The contribution of the other friend who is also deceased – Roderick Sanatan – was completely unexpected and unsolicited. Roderick, who had sat as a member of my management committee at the Caribbean Network for Integrated Rural Development (CNIRD), had for years been listening to me plan my dream of establishing a retreat deep within the forests of Tobago, the tiny sister isle of Trinidad. When, finally, he arrived to spend some time here at the Retreat and we got to talking about the memoir project, Roderick, who had always worked with governments in the region but whose heart belonged to community-based and non-governmental organizations, agreed that I should send him a copy to read. Roderick did not simply make useful comments on presentation of the material, but went further, rattling off a string of possibilities for distributing and disseminating what he viewed as an important rural and community development tool. Having read the draft, his positive words, coming as they did from someone whom I knew to be a stickler for getting things right, gave me a great deal of encouragement and confidence.
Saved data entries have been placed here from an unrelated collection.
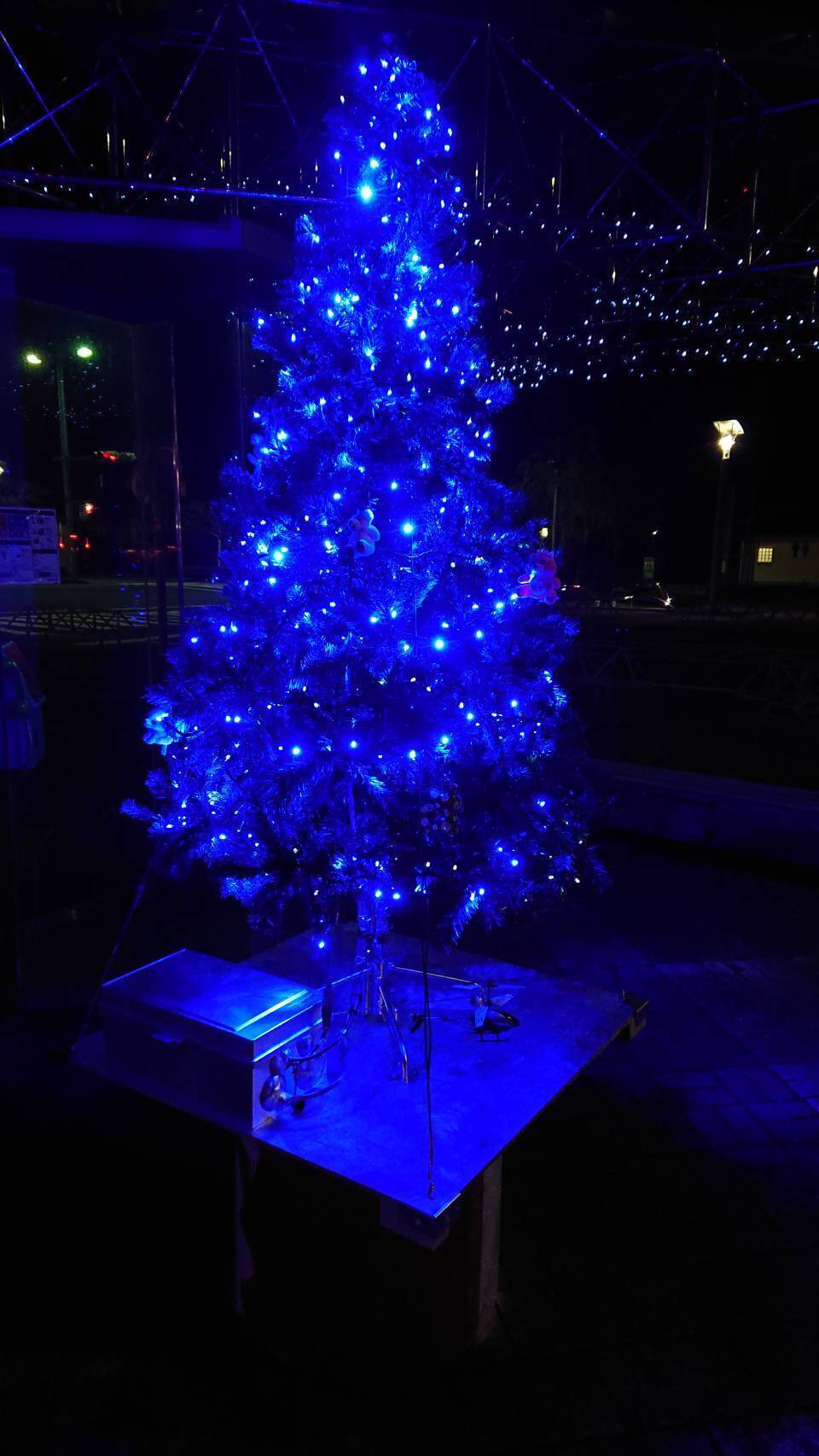 昨年はイルミネーションだけを伊佐の皆さんから集めた募金で行うことができました。今年は9年前のように、ふれあいセンター屋上から大きなツリーを復活させたくて、電気屋さんに依頼。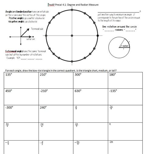 Secondly, a radians to degrees worksheet provides students with a convenient reference tool. By having the angles already written out, students can quickly and easily review and practice the conversions. As a result, they can save time and energy that would otherwise be spent on trying to remember the conversions from memory.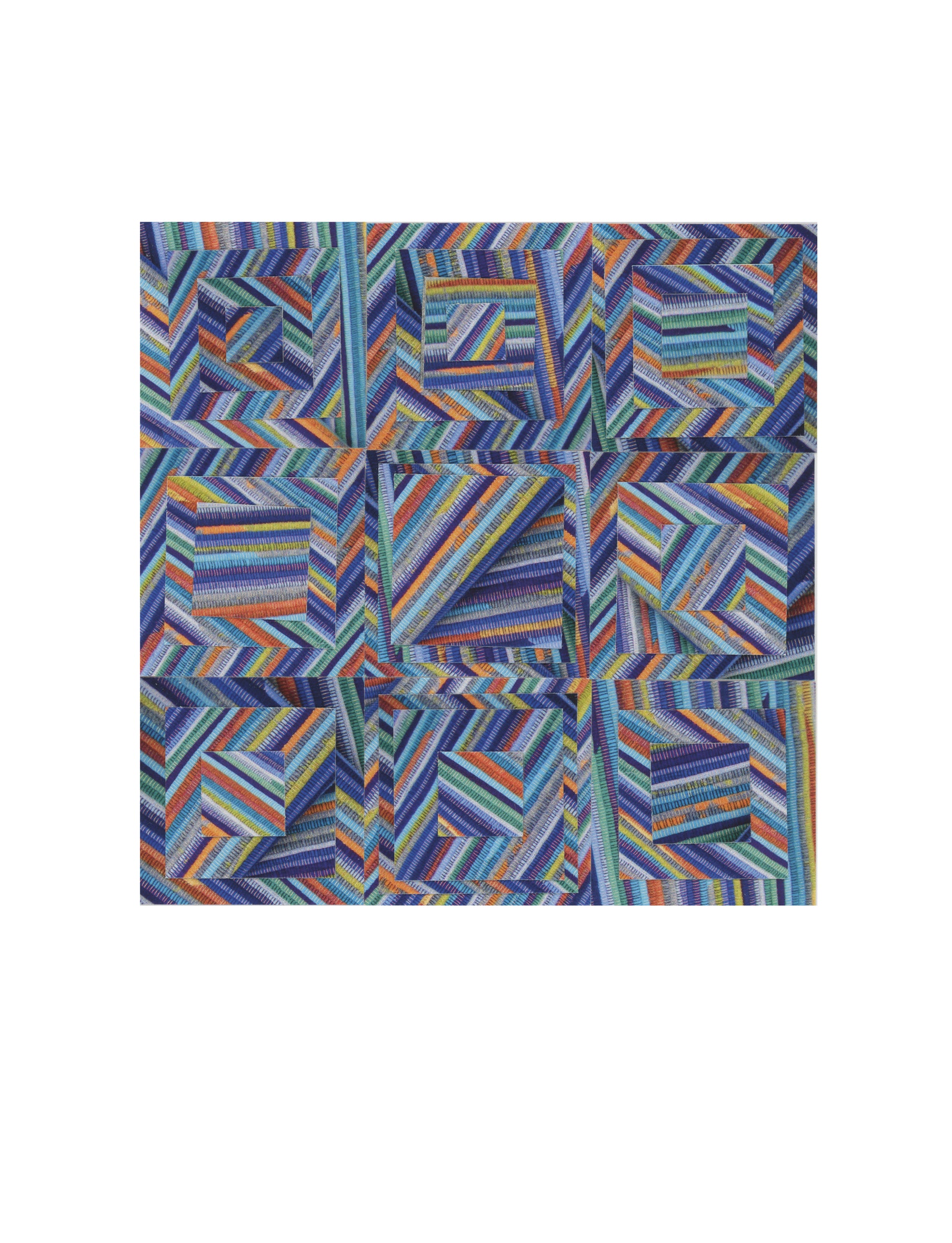 textured...like life! is made up of nine hand cut squares from advertising postcards used by a Wisconsin rug maker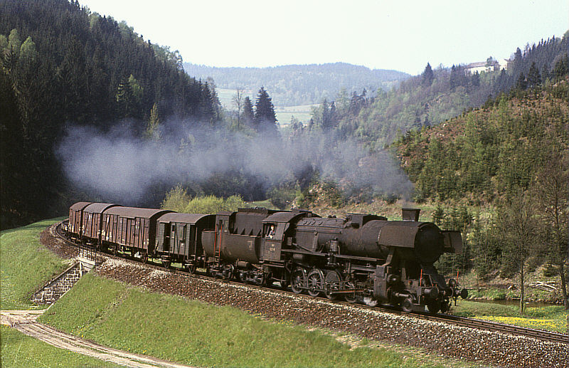 Wir sind im Mühlviertel, einem dünn besiedelten Gebiet nördlich von Liniz. Die Reichsbahn-Kriegslok 52 3816 (Baujahr 1944) mit ÖBB-Kabinentender ist mit dem LS 1010 auf der Summerauer Linie (Linz - Budweis) unterwegs. Am 3. Mai 1975 fand der Fotograf die tolle Fotostelle nahe bei der Ansiedlung Selker. |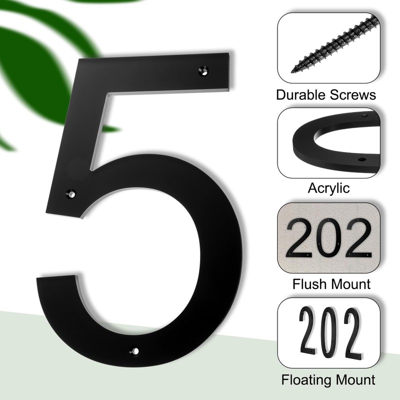 sourcing map 12 Inch Modern House Number, Acrylic Floating House Number for Outside Address Sign for House with Nail Kit for Mailbox Yard Home Front Door (Number 5, Matte Black)

Both Lloyd and Roderick died suddenly and although their deaths were some five years apart, both left me with a sense of utter and complete loss and wondering why? They did not know each other but from my privileged perch they reminded me of each other; both so brilliant, each in his own way, so private, each in his own way, so ready to help and support my project – just because I asked!
As picky as I was about those to whom I sent copies for comment, I knew I wanted the input of Khafra Kambon whose dedication to the cause of political advancement of the Caribbean region in general and the country of Trinidad and Tobago in particular has been unquestionable since the decade of the sixties. Indeed, my specific request to him was to help me beef up the section related to events in 1970. I thought it would be of key importance to the reader of the memoir to have a feel of what was developing with respect to the social consciousness of the society during the latter part of the 1960s and culminating in the events of 1970. For the sake of what Kambon referred to as historical accuracy, the request to him was that he assist with strengthening the perspective, the facts and their sequencing with regard to that period. This he focused on despite his busy schedule.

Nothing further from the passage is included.